Wireless carrier Open Mobile officially announced the birth of a new business model with which it will break away from the strictly prepaid, no-contract structure it has offered since entering the market more than five years ago.
The carrier also announced the availability of its $250 million 4G Long-Term Evolution digital network throughout most of Puerto Rico, as well as parts of the island municipalities of Vieques and Culebra.
“Today our network offers the most islandwide coverage in comparison to the others. We’re the first to launch true 4G LTE islandwide service,” said Josué González, marketing director of Open Mobile, during a sit-down interview with News is my Business prior to a news conference with other members of the Puerto Rican press corp.
It was a year ago this month that this media outlet first reported on Open Mobile’s plans to launch the next-generation 4G LTE network that now offers its data-hungry smartphone users download speeds of between five and 12 megabits per second, and uploads of 3 megabits per second.
Looking to employ its new network to the fullest, Open Mobile also announced the availability of new billing options and plans that give customers control over their wireless expenses.
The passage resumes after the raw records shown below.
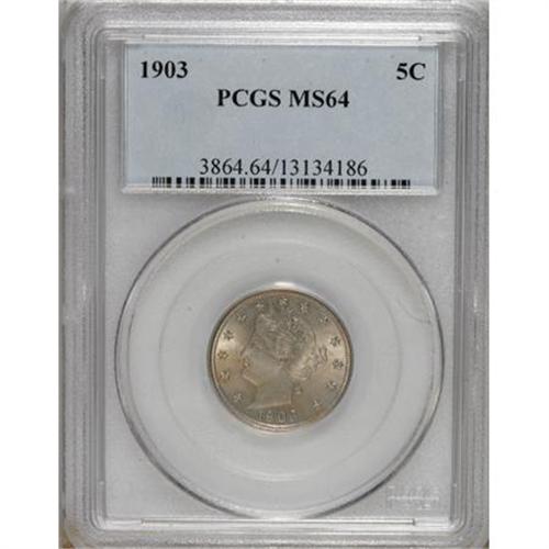 <B>1903 5C MS64 PCGS.</B></I> PCGS Population (336/231). NGC Census: (228/210). Mintage: 28,006,724. Numismedia Wsl. Price for NGC/PCGS coin in MS64: $180. (#3864)<BR><BR><b>Shipping:</b> Coins & Currency (<a target="_blank" href="http://www.heritageauctions.com/common/shipping.php">view shipping information</a>)
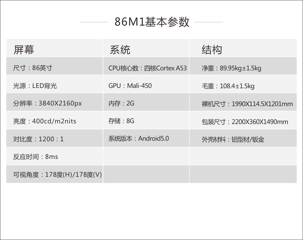 • 65英寸 75英寸 86英寸
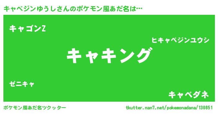 | 男性向けラノベタイトル風あだ名 | 『キャベジンゆうし~年齢イコール彼女いない歴の魔法使い~』 |
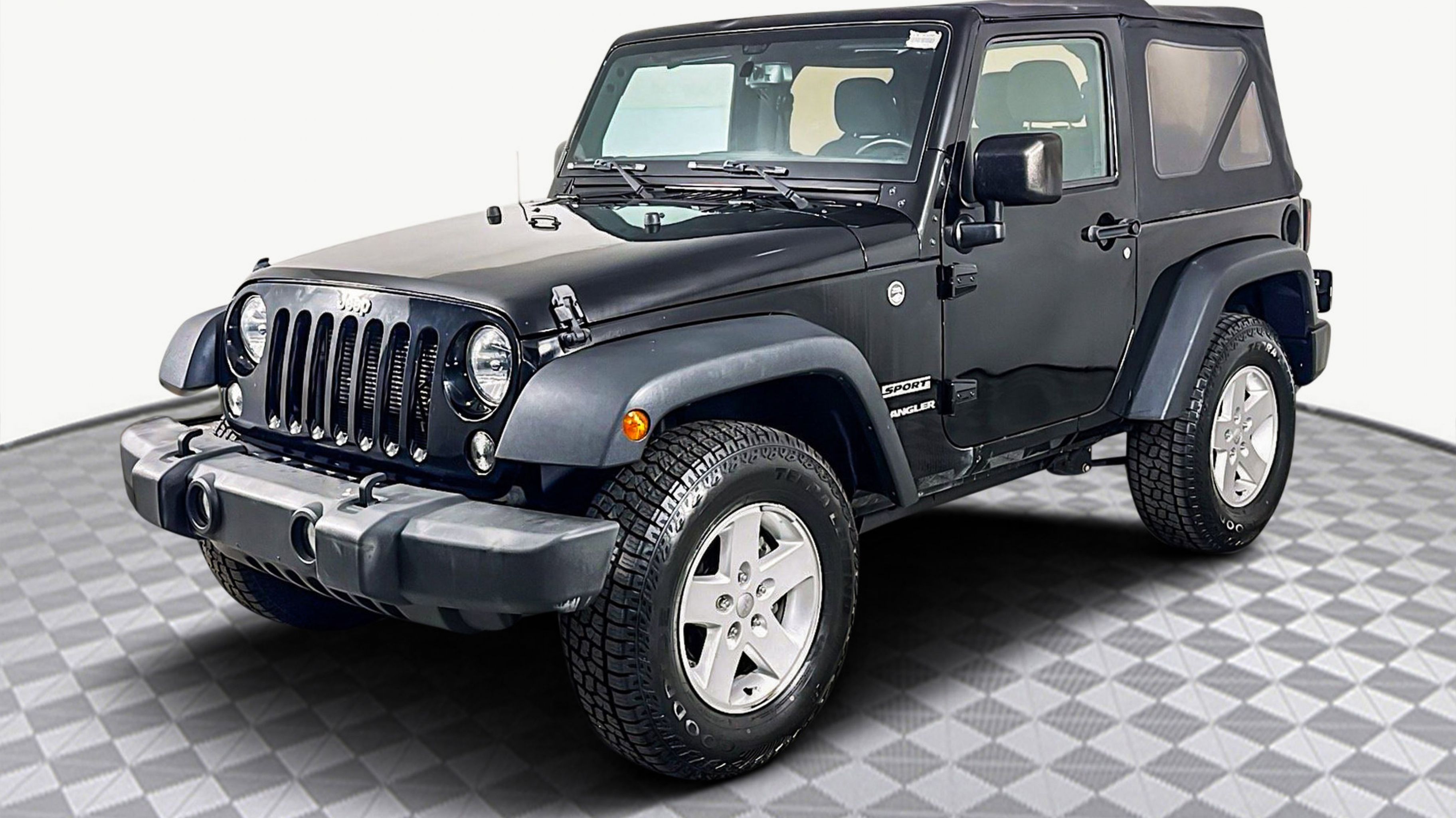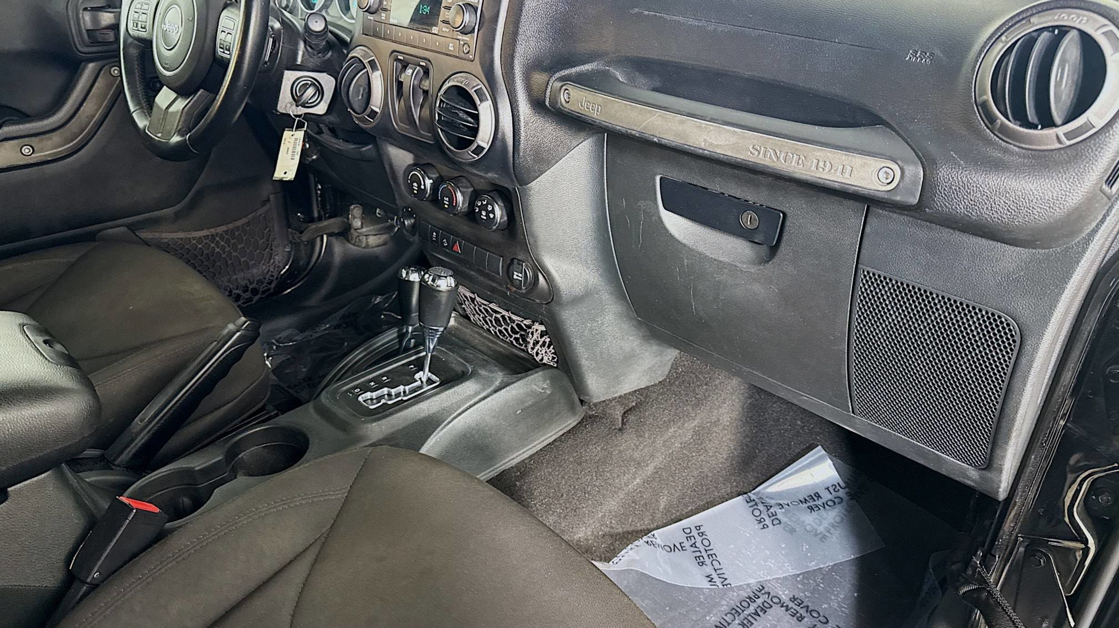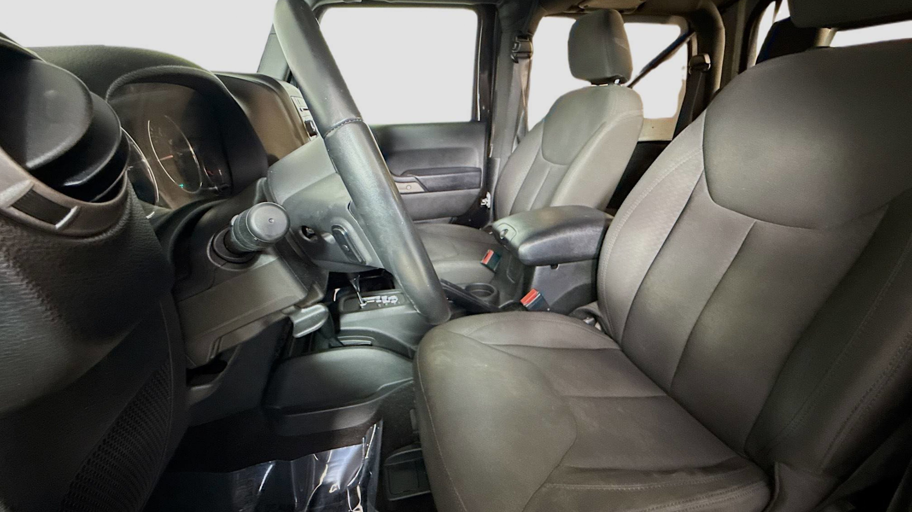 Black Clearcoat 2017 Jeep Wrangler Sport 4WD 5-Speed Automatic 3.6L V6 24V VVT 17 x 7.5 Aluminum Wheels, Air Conditioning, Auto-Dimming Mirror w/Reading Lamp, Chrome/Leather Wrapped Shift Knob, Connectivity Group, Front 1-Touch Down Power Windows, Leather Wrapped Steering Wheel, Power Convenience Group, Power Heated Mirrors, Power Locks, Quick Order Package 24S, Remote Keyless Entry, Remote USB Port, Security Alarm, Tire Pressure Monitoring Display, Uconnect Voice Command w/Bluetooth, Vehicle Information Center, 1-Yr SiriusXM Radio Service, 16 x 7.0 Luxury Styled Steel Wheels, 3.21 Rear Axle Ratio, 3.73 Rear Axle Ratio, 4-Wheel Disc Brakes, 8 Speakers, ABS brakes, Alpine 9-Speaker w/All Weather Subwoofer, AM/FM radio, Audio Jack Input for Mobile Devices, Brake assist, CD player, Cloth Seats w/Adjustable Head Restraints, Compass, Deep Tint Sunscreen Windows, Driver door bin, Driver vanity mirror, Dual front impact airbags, Electronic Stability Control, Front anti-roll bar, Front Bucket Seats, Front Center Armrest w/Storage, Front fog lights, Integrated roll-over protection, Low tire pressure warning, Normal Duty Suspension, Occupant sensing airbag, Outside temperature display, Passenger door bin, Passenger vanity mirror, Power steering, Radio: 130, Rear anti-roll bar, SIRIUS Satellite Radio, Speed control, Steering wheel mounted audio controls, Tachometer, Tilt steering wheel, Traction control, Trip computer, Variably intermittent wipers, 17 x 7.5 Aluminum Wheels, Air Conditioning, Auto-Dimming Mirror w/Reading Lamp, Chrome/Leather Wrapped Shift Knob, Connectivity Group, Front 1-Touch Down Power Windows, Leather Wrapped Steering Wheel, Power Convenience Group, Power Heated Mirrors, Power Locks, Quick Order Package 24S, Remote Keyless Entry, Remote USB Port, Security Alarm, Tire Pressure Monitoring Display, Uconnect Voice Command w/Bluetooth, Vehicle Information Center.

For the first time since 2007, the carrier will launch its “Open Agreement,” giving customers the option to choose how much they want to pay for the device of their choice, according to the term of the contract chosen. Clients can opt for agreements lasting 12, 18 or 24 months, which will directly play upon the price of their smartphone, González said.
“This allows us to be more competitive in the market, by becoming a model to be followed,” he said. “We’re going to offer a variety of terms that will allow the client with excellent credit to pick the one that’s most convenient for them.”
In case a client needs to end its contract before the established term, Open Mobile is extending its new “Early Exit Fee” alternative, which bases the contract termination fee on the life of the agreement.
“The thing is that if a customer pays $200 for a device, we’re not going to charge them $350 to get out of the contract. We’ll charge them according to how much they have left to go on their contract,” González said.
A third component of the company’s new charging structure, is “Billing Cycle Reset,” which lets customers decide when their payment is due, in case they fall behind on what they owe.
“For example, let’s say the customer is able to pay on the 20th of the month. Instead of billing them for the 10 days left of the month, we’ll reset their payment date to the 20th of the next month. Customers can change that billing date however many times they need to, according to when they can pay,” González said.
To back up the availability of its new billing option and network capacities, Open Mobile launched a $2 million multimedia campaign Monday, focusing on the “Communications in your hands” slogan. Through television and print media ads, the effort presents lifestyles and situations typical of daily life, where communication plays an important role.
As of Dec. 31, 2012, Open Mobile had about 340,000 subscribers in Puerto Rico, where it competes against AT&T, Claro de Puerto Rico, T-Mobile and Sprint/Nextel.